In the next part of this post, we are going to connect an on-premises machine in Azure using Azure Arc. For this demonstration, I have an on-premises Hyper-V environment with one Windows Server 2016 machine.

Register the required Resource Providers in Azure

First, we need to register the required resource providers in Azure. Therefore, take the following steps:

  • Open a browser and navigate to the Azure portal at: https://portal.azure.com/
  • Login with your administrator credentials.
  • Open Cloud Shell in the top right menu, and add the following lines of code to register the Microsoft.HybridCompute and the Microsoft.GuestConfiguration resource providers:
    Register-AzResourceProvider -ProviderNamespace Microsoft.HybridCompute
    Register-AzResourceProvider -ProviderNamespace Microsoft.GuestConfiguration
  • This will result in the following output:
  • Note that the resource providers are only registered in specific locations.

 

In the next part, we are going to connect the server to Azure Arc.

 

Connect the machine to Azure Arc for Servers

There are two different ways to connect on-premises machines to Azure Arc. You can download a script and run it manually on the server. This is the best approach when you are adding single servers to Azure Arc. You can also follow the PowerShell Quickstart for adding multiple machines using a Service Principal. You can find the quickstart here: https://docs.microsoft.com/en-us/azure/azure-arc/servers/quickstart-onboard-powershell.

We are adding one machine in this demo, so we are going to follow the Portal Quickstart.

To connect the machine to Azure, we need to generate the agent install script in the Azure portal. This script is going to download the Azure Connected Machine Agent (AzCMAgent) installation package, install it on the on-premises machine and register the machine in Azure Arc.

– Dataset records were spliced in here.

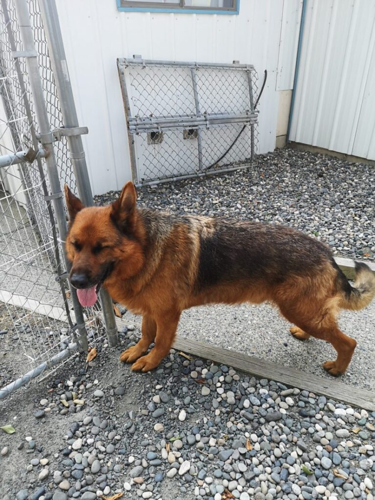 The German shepherd that was strapped in a crate to the back of an RV during a blistering British Columbia heat wave is now being held by animal protection officers.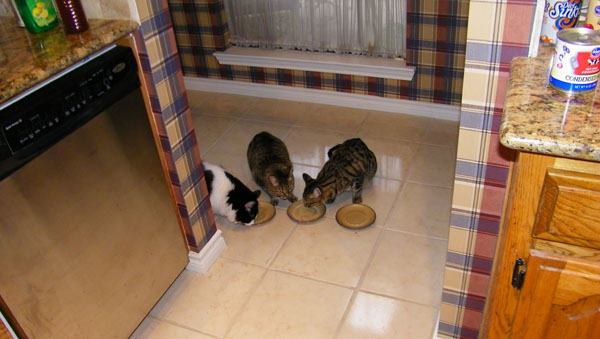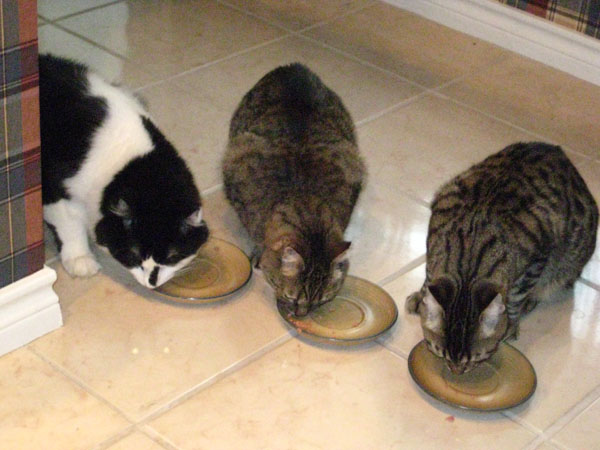 It's Christmas Eve (afternoon, actually) and I wanted to give the cats a treat, so I opened a fresh can of cat food and put out three plates, hoping to get all three cats in the same place at the same time so Fred and I could get pictures. We each got good ones, and in each of the pictures below we see (left to right) Lucky, Bobbie Lee and Tyger: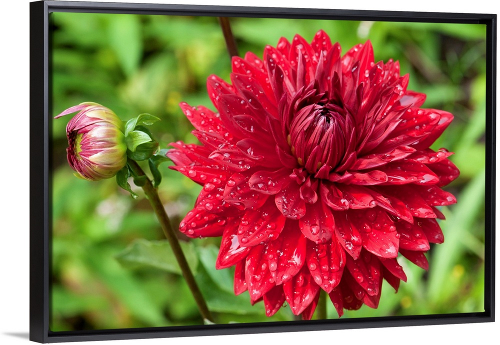 <p>A large red dahlia flower and bud covered in water drops.</p>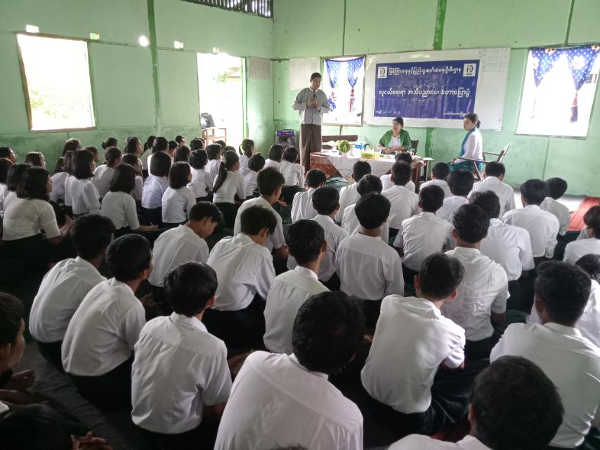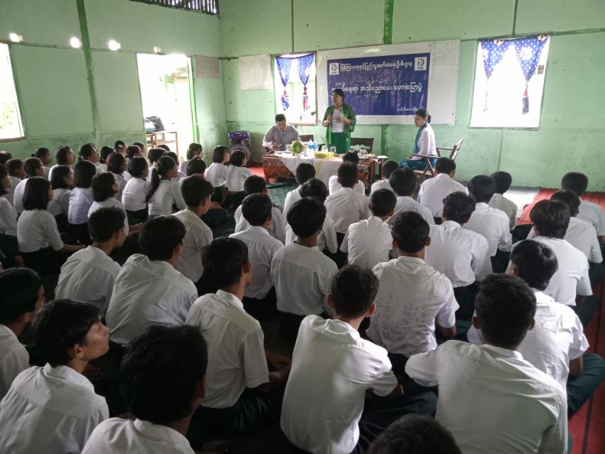 ရှေးဦးစွာ ကျောင်းအုပ်ဆရာမကြီး ဒေါ်မိမိသောင်းက အဖွင့်အမှာစကားပြောကြားပြီး မြို့နယ်ပြန်ကြားရေးနှင့်ပြည်သူ့ဆက်ဆံရေးဦးစီးဌာနမှ မြို့နယ်ဦးစီးမှူး ဒေါ်တင်တင်စိန်က စာဖတ်ခြင်း၏အကျိုးကျေးဇူး ခေါင်းစဥ်ဖြင့်လည်းကောင်း၊ ဒုတိယဦးစီးမှူး ဦးဝင်းမင်းစိုးက လူငယ်နှင့်စည်းကမ်းခေါင်းစဥ်ဖြင့်လည်းကောင်း အသိပညာပေး ဆွေးနွေးဟောပြောပြီး ကျောင်းသား ကျောင်းသူများက သိရှိလိုသည့် အကြောင်းအရာများကို မေးမြန်းရာ တာဝန်ရှိသူများက ပြန်လည်ဖြေကြားပေးခဲ့သည်။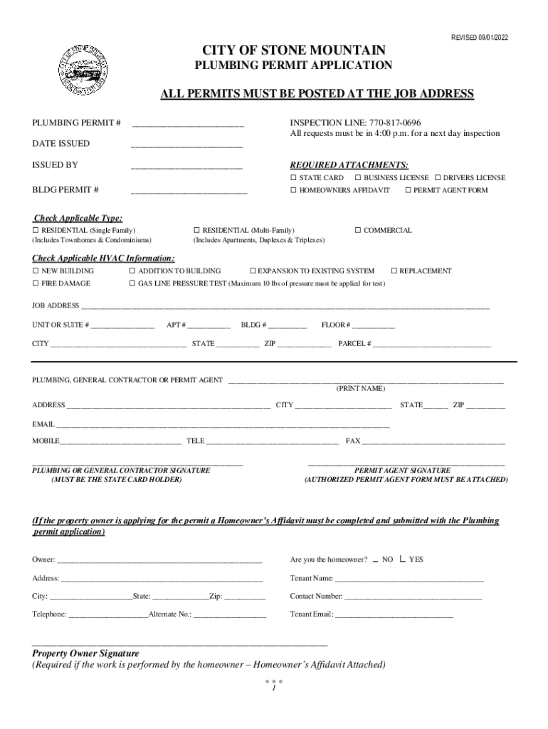 PLUMBING PERMIT #___DATE ISSUED___ISSUED BY___REQUIRED ATTACHMENTS:___ STATE CARD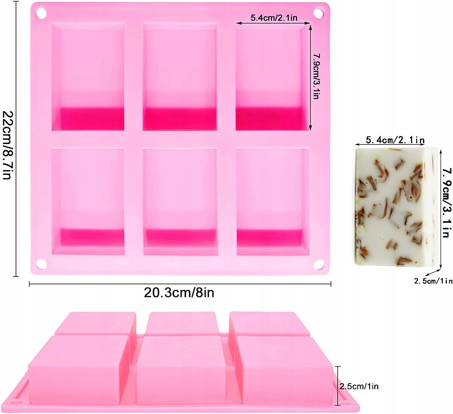 <р>1. Качественный материал - прямоугольные формы для мыла изготовлены из пищевого силикона, который не содержит вредных химических веществ и полностью безопасен в использовании. <р>2. Термостойкий и морозостойкий силикон (от -40°F до 230°F). Силиконовые формы для мыла позволяют безопасно использовать его в холодильнике, морозильной камере, духовке или микроволновой печи. <р>3. Идеальный подарок, может стать прекрасным подарком жене, дочери, женщине, девушке на День святого Валентина, Рождество, детский праздник. <р>4. Идеальный размер (105 мл) для изготовления подарочного мыла, лосьонов или отдельных прямоугольных тортов или желе. <р>5. Благодаря гибкому, но прочному материалу мыло легко выскальзывает.Технические данные: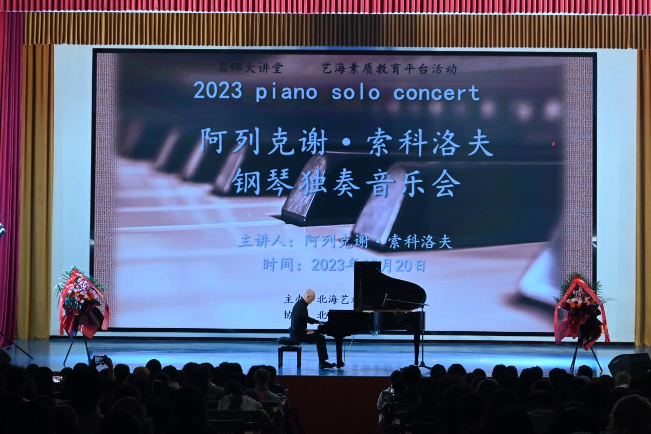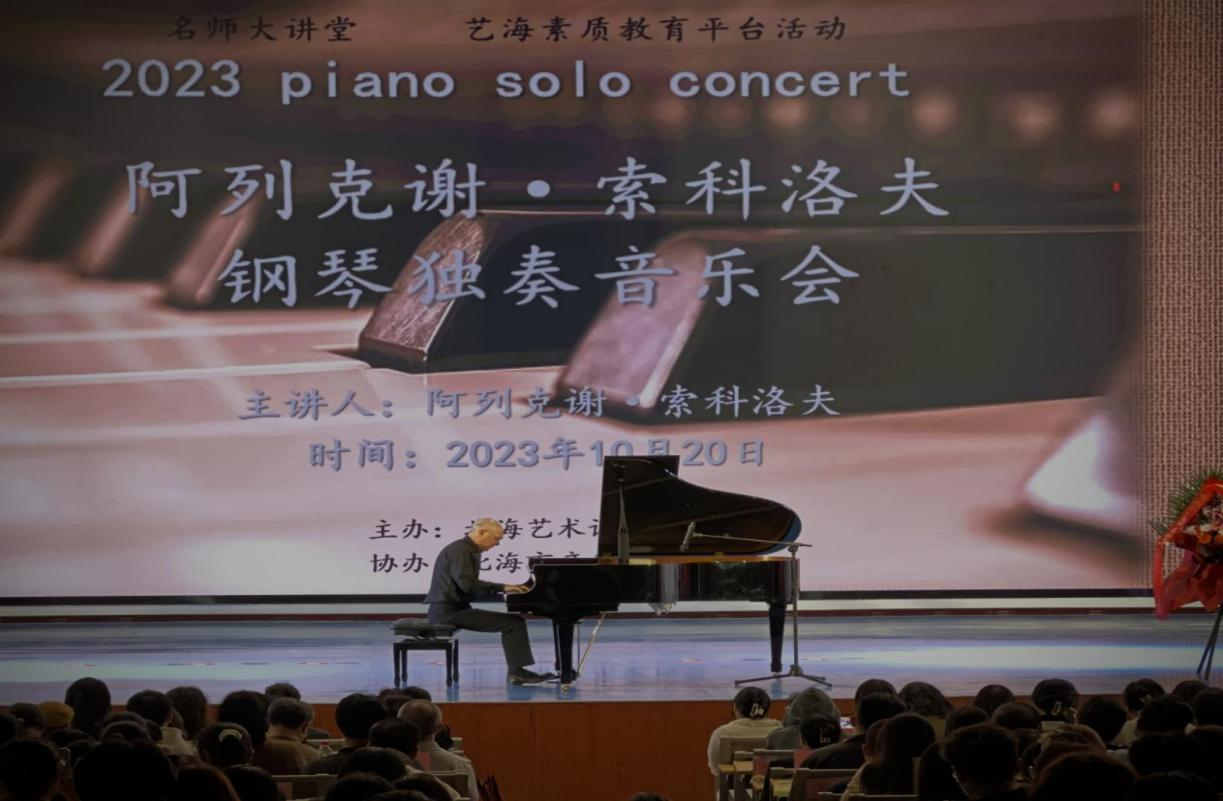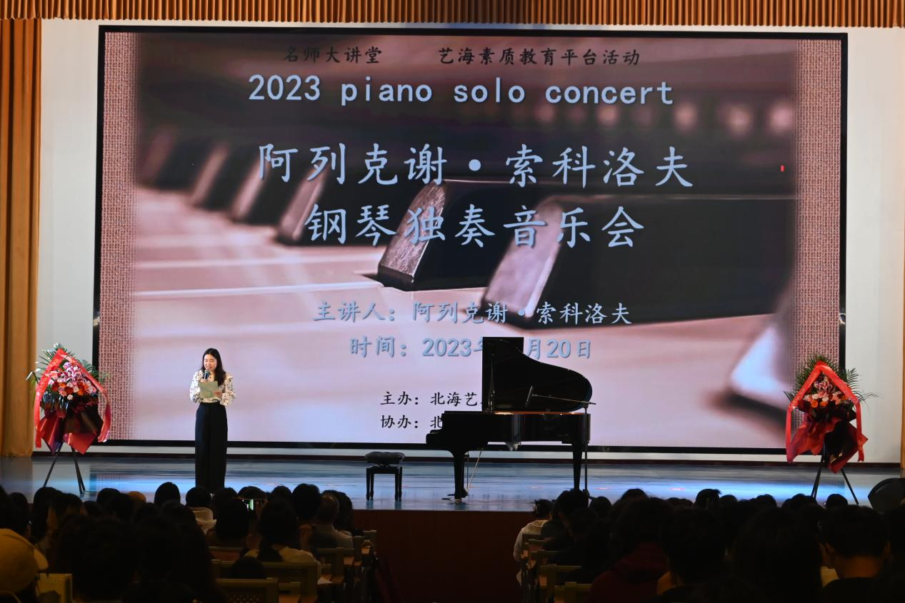 1020日晚,阿列克谢•索科洛夫教授我校西校区大礼堂举办个人钢琴独奏音乐会。当晚,北海艺术设计学院总督学王斌北海市键盘学会会长龙康全人文教育学院院长熊秀锋副书记邓欢院长李谦等领导出席活动。本次音乐会人文教育学院艺术教育教研室张靖茜老师主持。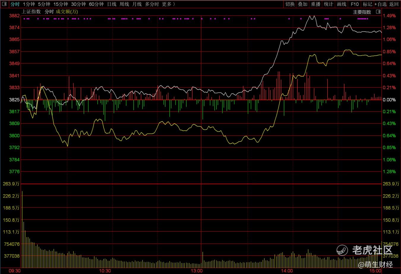 其实就在市场命悬一线的时候,如果下午市场再没有增量资金,那么指数就真的会出现下挫,与之而来的是抛盘的增加,所以13点30分之后,大家会发现突然之间一股强大的资金快速的将指数拽了起来,沪指在短短的35分钟上涨了50点,涨幅达到了1.49%,盘中指数最高到了3881点,创业板指数则上涨了3.58%。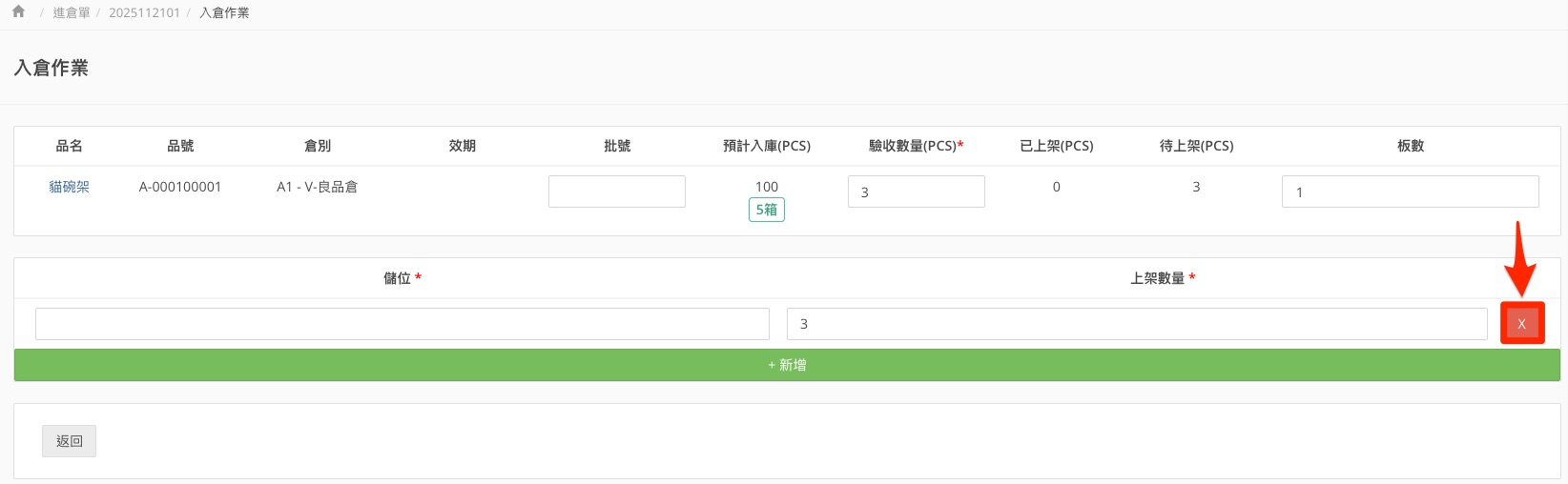 若僅做驗收尚未完成上架,請點擊「X」按鈕刪除上架數量。
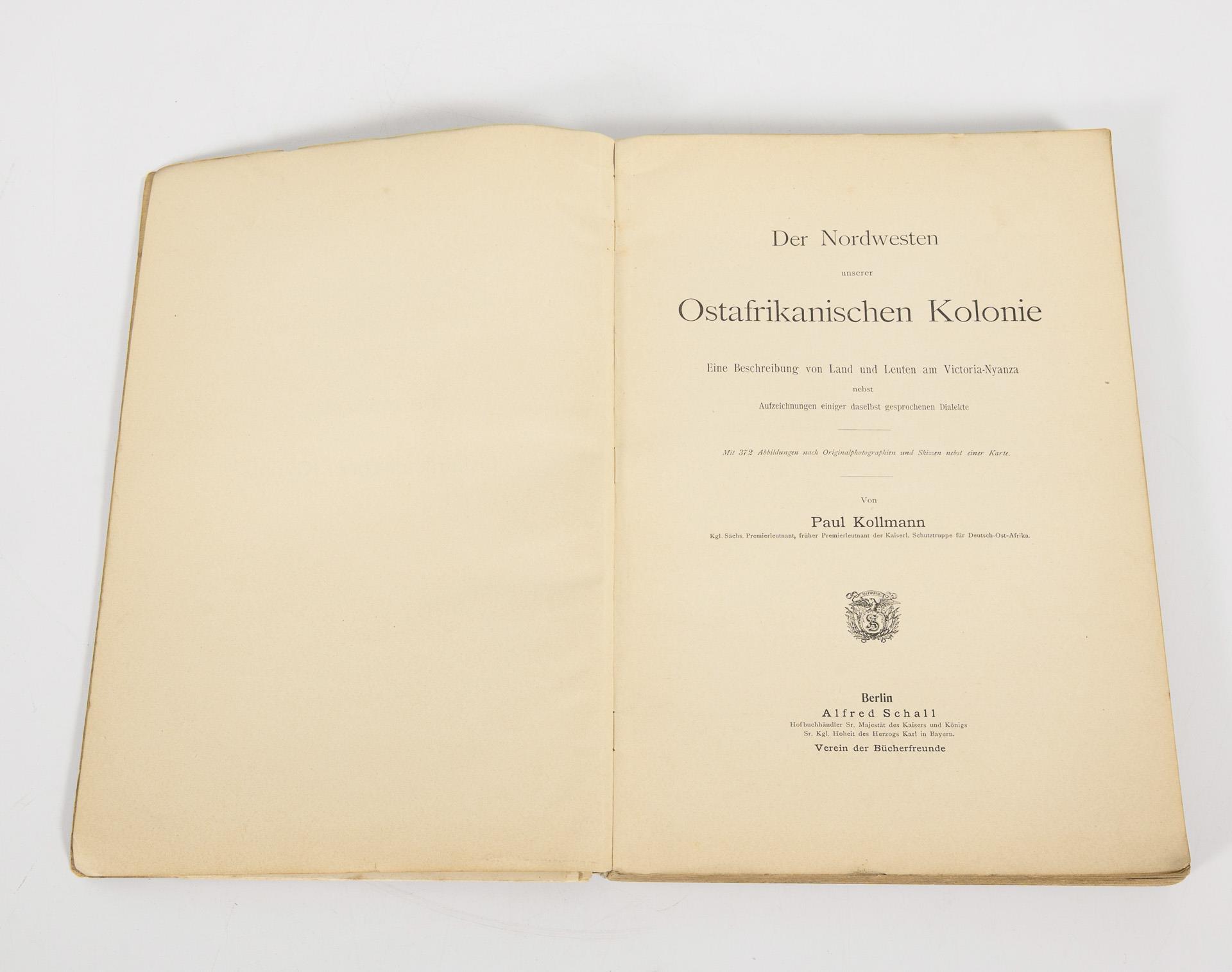 8, 191 pages in brochure binding. Detailed description and illustration of everyday objects, some photographic illustrations and a dictionary of the following languages: Ki-Karagwe; Ki-Swaheli; Ki-Ussukuma; Ki-Ussindja; Ki-Uganda; Ki-Ukerewe and Ki-Uha. / Map: "Dr. F. Stuhlmann's Aufnahmen im Gebiet des Albert- und Albert-Edward-sees während der Emin Pascha Expedition ... 1892" Drawn by Max Moisel, 1901. Binding somewhat torn.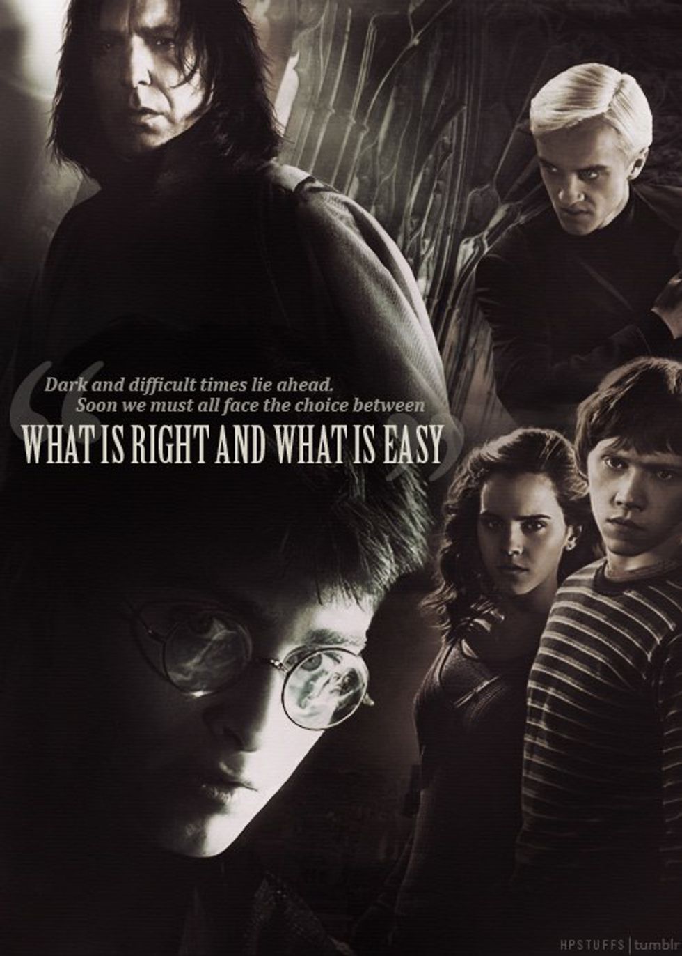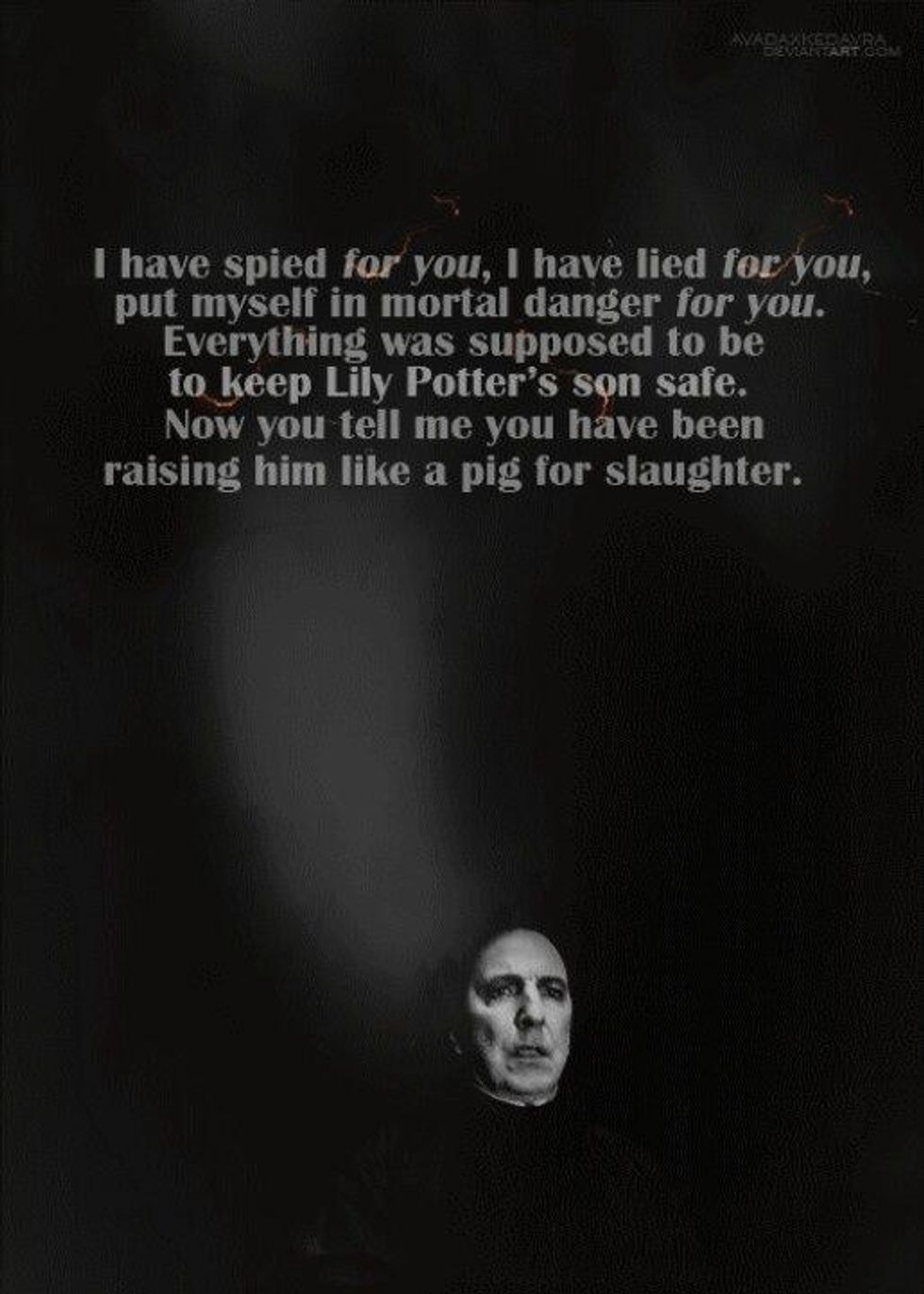 The last, and probably most important, similarity between the two is that they have been manipulated almost their entire life by powerful men. For Draco, it’s Lord Voldemort, possibly the most dangerous (and scary) wizard alive. He manipulates Draco by threatening his family and using him to do his dirty work (like killing Dumbledore). For Harry, it’s Dumbledore. Now I know that Dumbledore is supposed to be the good guy, who guides Harry to his true potential, but again he manipulates Harry by repeatedly implanting into his head that he is the only one who can kill Lord Voldemort. But what he doesn’t tell him that he has to die before he can save everyone else. He lies to him his entire life and to quote Severus Snape “raises him like a pig for slaughter.” Now that seems like a massive amount of manipulation to me.

Generate the agent install script using the Azure portal

To generate the agent install script, take the following steps:

  • Navigate to the Azure portal  and type Azure Arc in the search box. Or you can launch https://aka.ms/hybridmachineportal
  • Click on +Add.
  • Select Add machines using interactive script:

  • In the Basics blade, keep the default settings and click Review + generate. If you want, you can create a new resource group for your machines that are connected to Azure Arc:

  • The last page has a script generated which you can copy (or download). This script needs to be executed on the on-premises machine:

Connect the on-premises machine to Azure Arc

To connect the on-premises machine to Azure Arc, we first need install the agent on the on-premises machine. Therefore, take the following steps:

  • Open Windows PowerShell ISE as an administrator.
  • Paste the script, that is generated in the previous step in PowerShell, in the window and execute it.
  • The machine will be onboarded to Azure, which can take a few minutes to complete.
  • You will receive a registration code during script execution. Navigate to https://microsoft.com/devicelogin.
  • Paste in the code from PowerShell and click Next:
  • You will receive a confirmation that the device is registered in Azure Arc:
  • You can now close the browser window.
  • If you now go back to the Azure portal and refresh the page, you will see that the server is added to Azure with the Connected status:

 

Managing the machine in Azure Arc

  • To manage the machine from Azure, click on the machine in the overview blade, like in the previous image.
  • In the overview blade, you can add tags to the machine. You can also Manage access, and apply policies to the machine from here:

 

Summary

In this post, we’ve covered how to connect an on-premises machine to Azure Arc for servers. I find it extremely easy to connect the on-premises machine to Azure. By generating the script in the Azure portal, which includes downloading and installing the agent on the on-premises machine, makes it easy to connect it to Azure. Once connected, the machine can be managed as if it is a native Azure VM.